Another interesting technology is Computer Use. It’s still based on the basic idea of multi-round decision-making agents, but has a quite important change in that it provides agents for screenshot and mouse click operations. Such agents, combined with multimodal LLMs that can understand images, enable AI to understand image content and interact with GUIs. Although not particularly important in our specific example, it still has profound implications for automating other GUI applications. Interested students can read more about it here: https://docs.anthropic.com/en/docs/build-with-claude/computer-use.

Summary and Reflection

Agents are a unique, powerful special element of LLMs. Based on different agent capabilities, LLM usage can be divided into three levels.

The first level is traditional AI that cannot use agents. In using these AIs, most of our energy is spent communicating how to do something, breaking down and refining problems. But even with such AI, we can already significantly enhance productivity through the Builder’s Mindset and the automation mindset.

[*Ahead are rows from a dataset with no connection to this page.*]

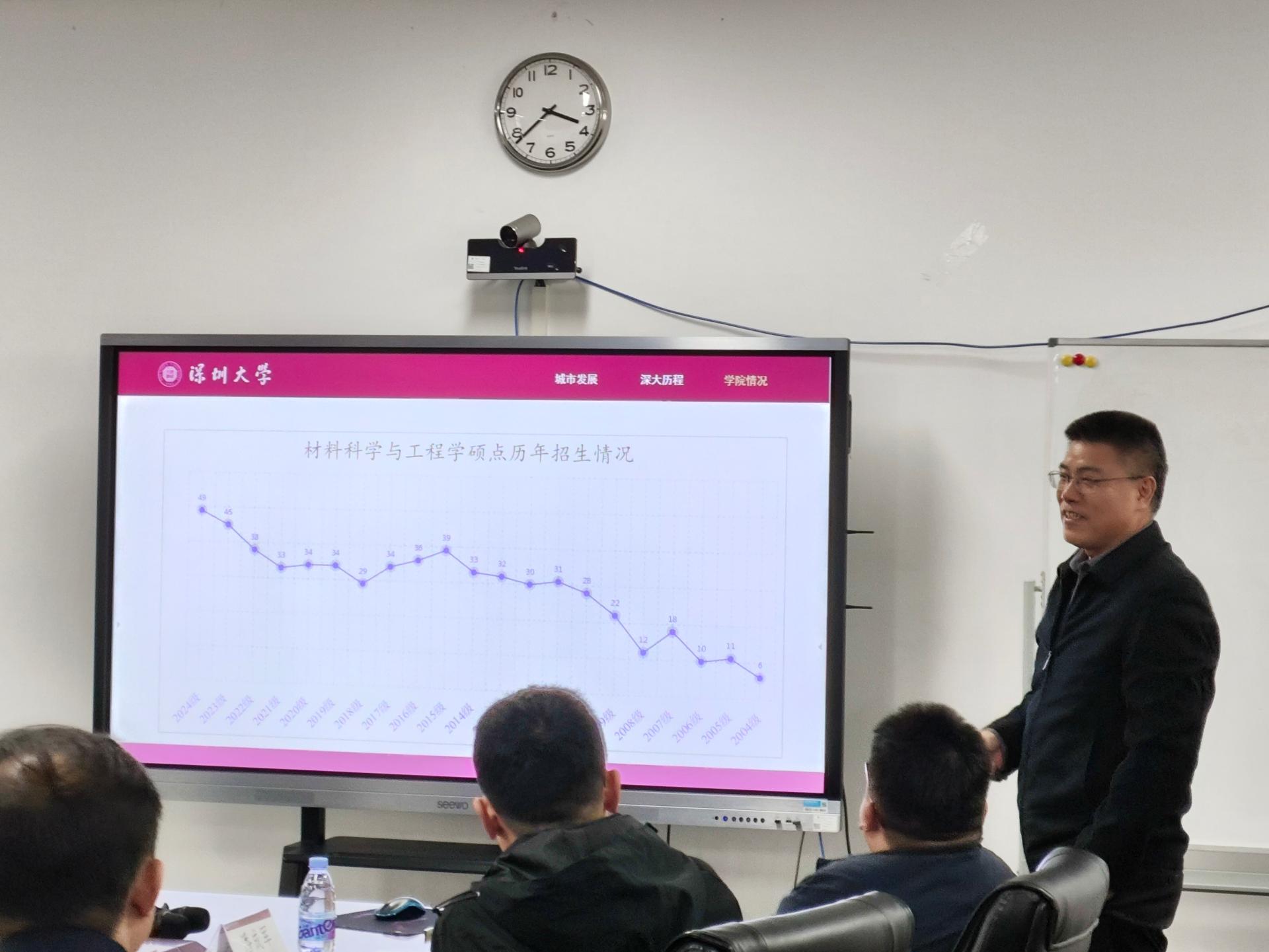 王东副院长对韩山师范学院材料科学与工程学院一行的到访表示热烈欢迎。王东副院长就深圳大学材料学院的建院及发展历程、师资队伍情况、科研发展状况、研究方向、然采培养等内容向来访老师进行了详细介绍与分享。张文星副院长表示非常期待与深圳大学材料学院进行更深入的交流,同时就以上内容与参会老师进行了深入探讨。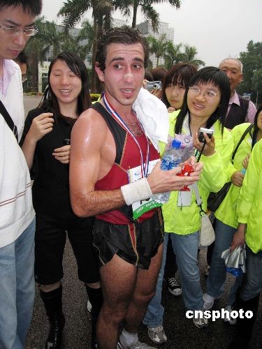 “九洲杯”珠海首屆半程馬拉松邀請賽于二十二日早上八點鳴槍起跑,該項賽事吸引了境內外兩千名長跑愛好者參加。經過一番角逐,本次半程馬拉松賽的男子總冠軍由亞洲半程馬拉松紀錄保持者、香港選手史提芬奴贏得,女子總冠軍則由十六歲的中國籍女孩楊麗文奪得。圖為史提芬奴在結束比賽后接受記者的訪問。中新社發 鄧媛雯 攝
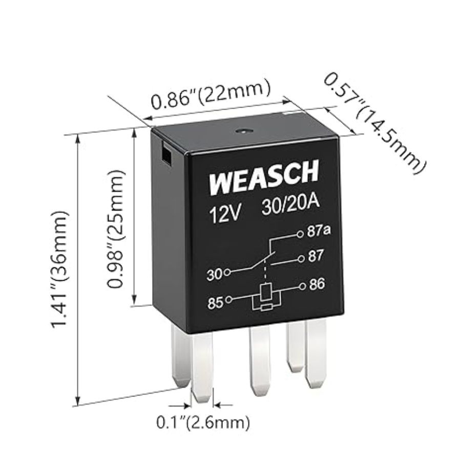 2 Pack 5-Pin High Power Relay, DC 12V 30A, Multi-Purpose Relay Fuel Pump Relays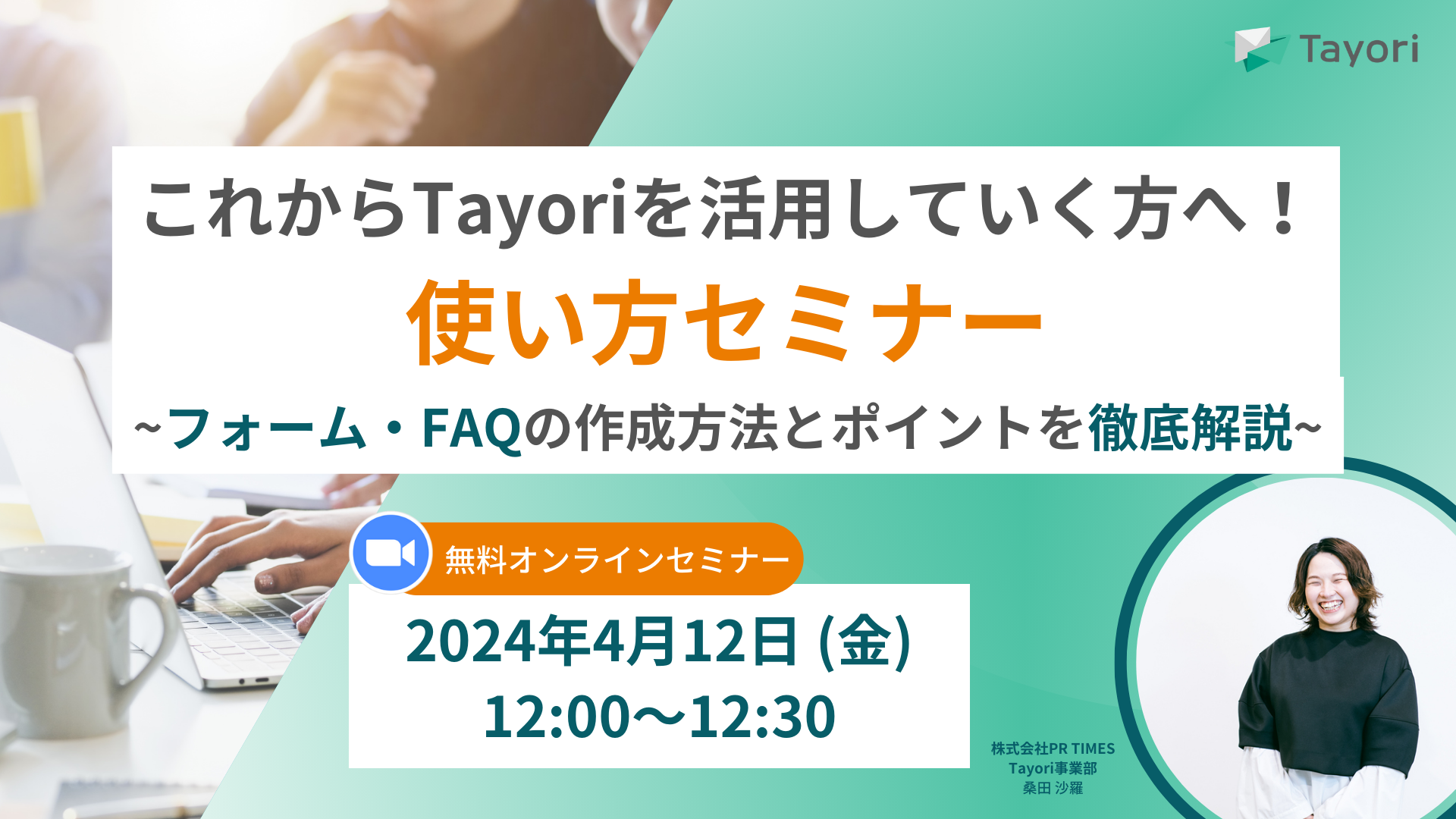 そんな、Tayoriに登録したばかりの方、使い始めたばかりの方におすすめのセミナーです。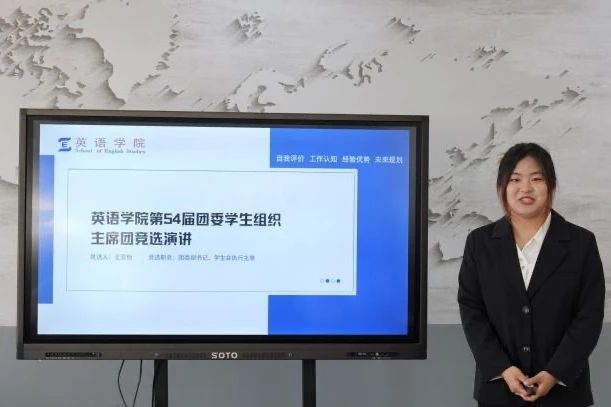 团委学生组织主席团候选人围绕工作经历、岗位理解、未来规划等方面展开竞选演讲,表现出学生干部应有的担当精神与服务意识,以及用更多实干成绩为英语学院团委学生组织增光添彩的信念与决心。演讲结束后,孙硕副书记在充分肯定第53届学生干部工作的同时也对新一届主席团成员寄予厚望。他希望第54届主席团能够充分发挥榜样作用,积极迎接未来的挑战,以更加饱满的热情和动力,共同书写新一届英语学院学院团委学生组织的崭新篇章。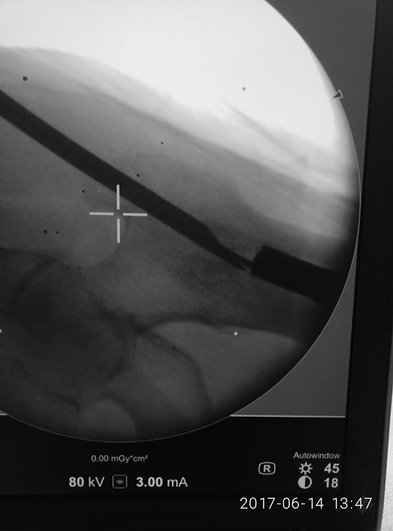 на своем. Проксимально по направителю рассверлили канал развертками

When AI can use tools, it enters the second level. This means many essential deficiencies that AI alone cannot overcome can be easily solved. For example, it can access the internet and private data. And importantly, this tool usage has a compound effect. For instance, an AI with three skills isn’t just three times more productive than a single-skill AI; the combination between these three skills often brings exponential potential growth in depth and breadth.

Multi-round thinking and iteration capability further elevate AI’s abilities to the third level. On one hand, it greatly expands AI’s capability boundaries, making things that previously required complicated processes easy to achieve. Another very important impact is that it significantly reduces the interaction cost and barriers between us and AI. Previously, some tasks might have been within AI’s capabilities, but because they required providing complex background knowledge, we would still find it troublesome and ultimately choose to do it manually. But now, we can just say one sentence broadly stating what we want AI to do, and it can iterate thoughts independently, understand background knowledge, and ultimately complete the task.

Therefore, Agents represent a revolutionary advancement for AI. This is also a focus of competition among various companies. Let’s wait and see how the combination of Agents and AI will make our lives better.